Faisal Jahangir Malik, chairman of the Rice Exporters Association, briefed the committee on the potential of barter trade with Iran, asserting that Iran is eager to increase trade with Pakistan. However, he noted that the Pakistani government’s reluctance is a significant barrier. Malik highlighted that up to $5 million could be traded daily through barter with Iran if conditions were improved.

The commerce secretary confirmed that there had been no significant increase in barter trade so far, with the primary issue being that goods must first be imported into Pakistan before they can be exported. He added that Iran has yet to fully accept Pakistan’s conditions on barter trade, and that Iranian businesses face difficulties with payments and subsidies, which are being delayed by Pakistan’s financial institutions.

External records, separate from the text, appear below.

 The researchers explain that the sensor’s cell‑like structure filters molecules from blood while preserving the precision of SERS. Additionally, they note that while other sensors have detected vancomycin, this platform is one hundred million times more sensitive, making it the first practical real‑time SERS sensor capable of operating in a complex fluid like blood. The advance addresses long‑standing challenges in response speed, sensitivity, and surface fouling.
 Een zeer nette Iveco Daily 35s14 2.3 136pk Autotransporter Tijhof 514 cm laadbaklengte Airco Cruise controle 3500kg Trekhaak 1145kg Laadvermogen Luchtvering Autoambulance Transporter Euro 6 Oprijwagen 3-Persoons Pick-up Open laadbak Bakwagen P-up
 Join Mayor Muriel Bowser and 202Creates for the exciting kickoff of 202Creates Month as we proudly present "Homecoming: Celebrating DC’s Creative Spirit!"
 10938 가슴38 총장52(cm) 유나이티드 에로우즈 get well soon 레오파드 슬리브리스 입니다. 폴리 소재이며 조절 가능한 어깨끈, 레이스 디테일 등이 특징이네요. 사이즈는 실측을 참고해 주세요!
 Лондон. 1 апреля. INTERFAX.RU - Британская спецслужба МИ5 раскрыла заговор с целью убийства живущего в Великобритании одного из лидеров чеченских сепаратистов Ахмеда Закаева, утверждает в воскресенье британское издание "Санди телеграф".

“Despite these challenges, barter trade has the potential to save Pakistan up to $2 billion annually on petroleum imports,” Malik added.

The meeting also highlighted ongoing financial issues with Iran, including $13 million in payments that Pakistani exporters have had stuck in Iran for several years. The committee discussed the need for better communication between trade officers in Iran and Dubai, and for an alternative system to resolve trade disputes effectively.

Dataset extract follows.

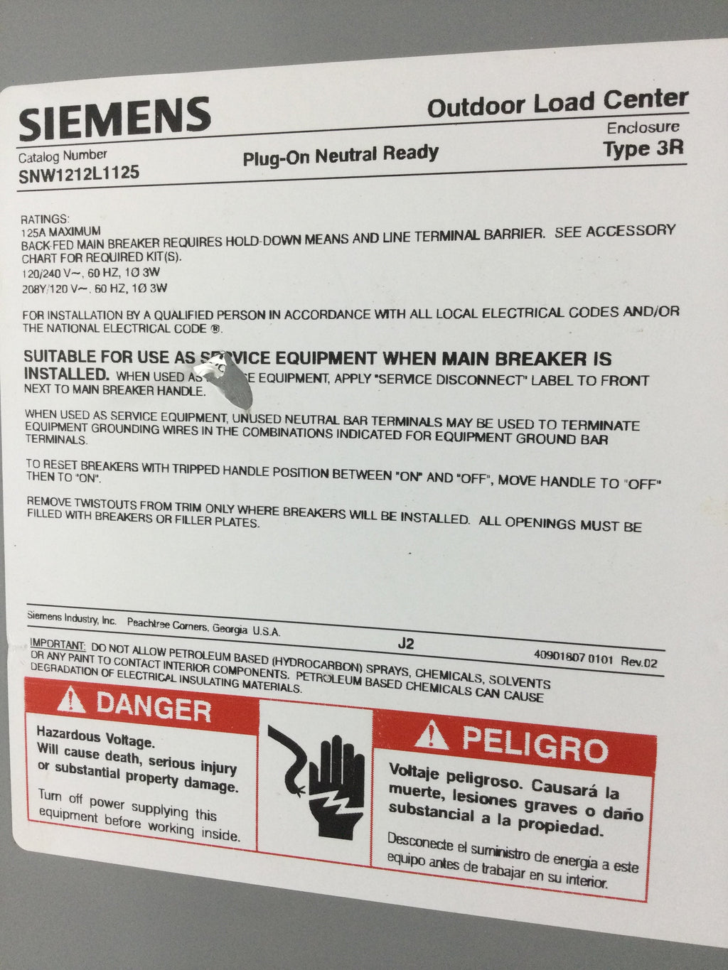 Siemens SNW1212L125 125Amp Nema 3R Outdoor MLO Load Center 12 Space/ 12 Circuit

“The real issues in trade with Iran lie with the State Bank of Pakistan and the FBR. We need to take a clear stand on this in our next meeting,” said Senator Anusha Rehman.

The commerce secretary said that there were several issues in the SRO related to barter trade as first is B2B arrangement and government was not involved. Secondly, there were restricted items, thirdly sanctioned items verification and fourthly valuation and guarantee. He said a holistic change will be required in the SRO.

The committee decided to constitute a sub-committee, where all stakeholders should set to gather and sort out the pending maters.

The committee was also briefed on Strategic Trade Policy Framework (STPF). Secretary Commerce informed that presently, STPF 2020-25 is in place, which will expire in June 2025. The Ministry of Commerce (MoC) has initiated consultations with the Sectoral Councils and has initially identified pharmaceuticals, chemicals, gemstones, engineering goods, processed food and footwear sectors to prioritise the policy interventions in the upcoming STPF. Furthermore, MoC has also been working with the international development partners to assist in identification of futuristic products in agro food sector; non-textile and non-agro sector, for the mainstream consumer segment in export markets. These new products/ sectors will also be analysed with focus on adopting greening technology to counter any possible compliance related regimes of our major global markets, particularly covering the aspects of climate resilience, circularity and sustainability.

Simultaneously, the MoC has initiated a comprehensive performance assessment of the STPF 2020-25. The assessment will include the factors that have contributed to the success of initiatives envisaged under it, as well as, an analysis of shortcomings accompanied with underlying reasons. This assessment will assist in formulation of the upcoming STPF. A draft of upcoming STPF will be formulated and MoC will share and present the draft with different forums for seeking valuable inputs to further refine it before submitting it to the Cabinet for approval.

The secretary said that National Export Development Board (NEDB) is envisaged under STPF to act as cross functional monitoring and oversight mechanism of the highest level, with the prime minister as its chair. The board comprises senior public and private stakeholders including federal ministers, provincial chief ministers, trade bodies, and sectoral representatives.